··· Information provided ···

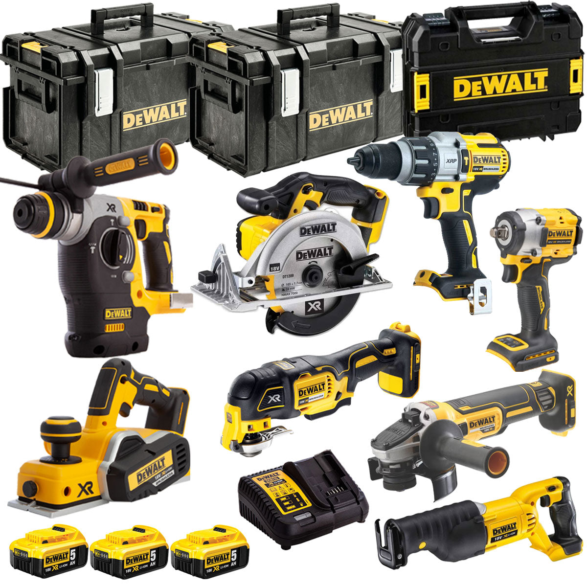 Dewalt 18V 8 Piece Power Tool Kit with 3 x 5.0Ah Battery Charger & Toughsystem Box T4TKIT-12843
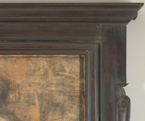 NG 6337 Leonardo cartoon and detail, reframed in replica Tuscan Mannerist carved walnut tabernacle frame, in the style of the third quarter of the 16th century, reflecting the display of Renaissance drawings at a that period in trompe l’oeil borders; with bolection profile and wide frieze; outset corners, the single straight contour at the top supporting undecorated cornice; the inset lateral rails with S-scrolled supporting brackets with central half-round motif on a fillet; the inset bottom rail with a double C-scrolled apron; stained & polished
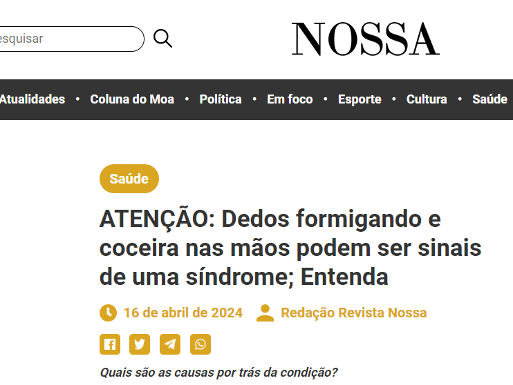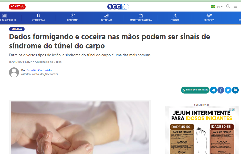 Dedos formigando e coceira nas mãos podem ser sinais de síndrome do túnel do carpo; entenda…
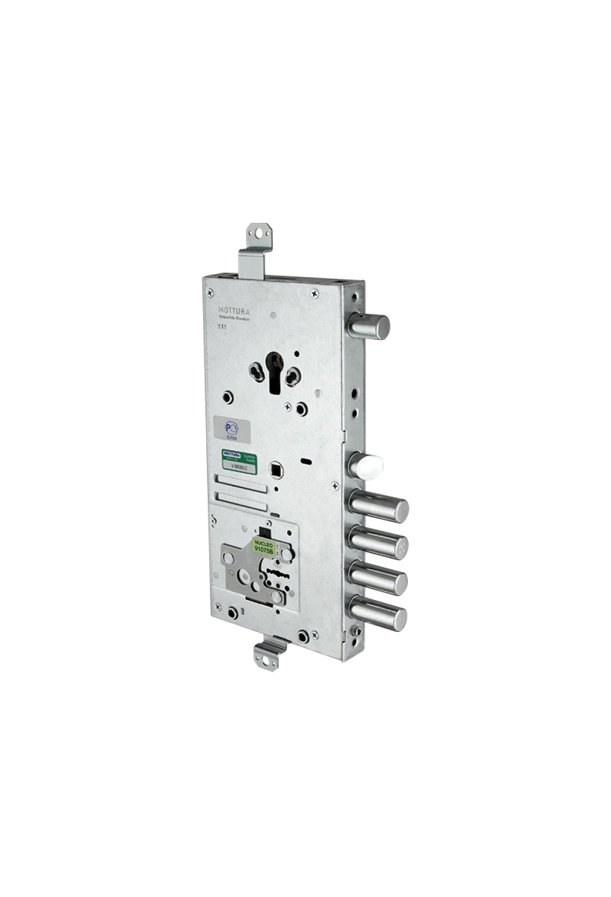 Замок врезной двухсистемный перекодируемый Mottura 54.J919M My Key D предназначен для металлических и бронированных дверей правого открывания. Это более усовершенствованная модель: нуклео больше не выступает над поверхностью и не требует под себя «окно» в двери. Инновационные замки My Key имеют подвижные сферы на стержне ключа и внутренние пины, существенно затрудняющие вскрытие отмычками (патент компании Mottura), а также предотвращающие незаконное изготовление дубликатов ключей. Копии таких ключей можно изготовить только в авторизованных центрах Mottura Club при предъявлении оригинального ключа и карточки владельца. Перекодировать замок очень просто. С каждым замком поставляется инструкция по перекодировке на русском языке. Перекодировка осуществляется с торца замка. Возможность изменять кодовую комбинацию замка неограниченное количество раз. Функция перекодировки замка позволит самостоятельно и в любой момент заменить ключи в замке. Возможно самостоятельно создавать мастер-системы. Нижний 4-оборотный замок на три точки запирания с нуклео, с реверсивной защелкой диаметром 19 мм, приводимой в действие ключом и ручкой. Верхний 2-оборотный боковой цилиндровый замок (с зубчатой передачей), круглый ригель диаметром 18 мм ходом 22мм, защелка и блокировка нижнего замка. В комплекте: 5 сувальдных ключей 60 мм в герметичной упаковке, 1 внутренняя накладка, 1 наружная накладка.
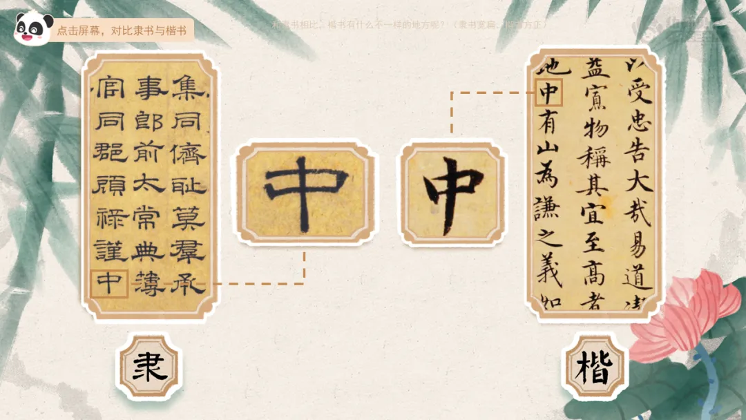 ——和隶书相比,楷书有什么不一样的地方呢?(隶书宽扁,楷书方正)
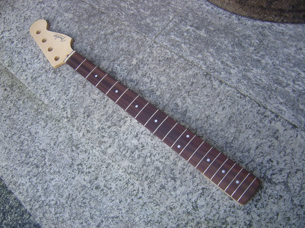 Der Hals ist von Northwest Guitars und für das Geld von ausgesprochen guter Qualität, Ahorn mit Indischem Palisander Griffbrett ( Dalbergia Latifolia ) und einem echten "Knochensattel" !
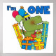 Little Dino 1st Birthday T-shirts, bodysuits, cards, stickers, birthday buttons, tote bags, keepsakes, and other dinosaur 1st birthday apparel and gifts featuring a green smiling dinosaur with balloons, party hat, and a gift!
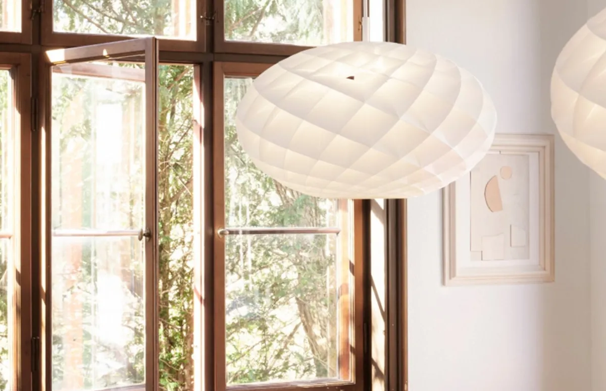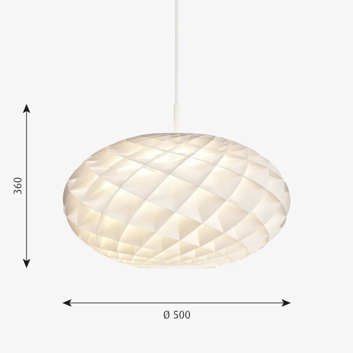 Patera pendelen er vakker å se på fra alle vinkler, lampen er bygget opp av små, diamantformede celler som er nøye designet for å reflekter blendefritt lys når de betraktes fra en vinkel på over 40 grader. Lampen avgir et 360 graders lys som bader omgivende rom i et naturlig, jevnt og behagelig lys. Under 40 grader gir lampen direkte, nedadrettet lys. Den runde åpningen under gir direkte lys med en myk overgang mot det reflekterte lyset. Pendelen kan brukes med eller uten avskjermer, avhengig av om lyskilden skaper uønsket blending eller ikke. Patera er en stemningsskapede lampe som gir et løft til ethvert rom. Patera er tidløs og følger de samme elegante designprinsippene som den sirkulære Patera og settes sammen helt for hånd, etter den matematiske strukturen til den fengslende Fibonacci-spiralen.
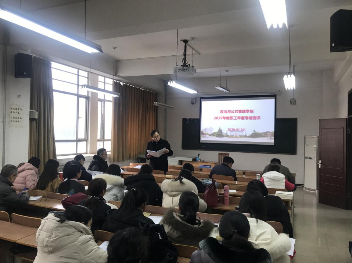 2020年1月2日下午,政治与公共管理学院2019年教职工年度考核工作测评会议在学院217会议室召开。学院领导班子及全体教职工参加了本次会议。会议由政治与公共管理学院院长李洪河主持。

···

▶ [Problem requirements]: Write out the lines above from the one with "Der Hals ist" through the one with "Little Dino 1st", ends included, exactly; no picture goes in.

▶ [Result of this exercise]:
 Der Hals ist von Northwest Guitars und für das Geld von ausgesprochen guter Qualität, Ahorn mit Indischem Palisander Griffbrett ( Dalbergia Latifolia ) und einem echten "Knochensattel" !
 Little Dino 1st Birthday T-shirts, bodysuits, cards, stickers, birthday buttons, tote bags, keepsakes, and other dinosaur 1st birthday apparel and gifts featuring a green smiling dinosaur with balloons, party hat, and a gift!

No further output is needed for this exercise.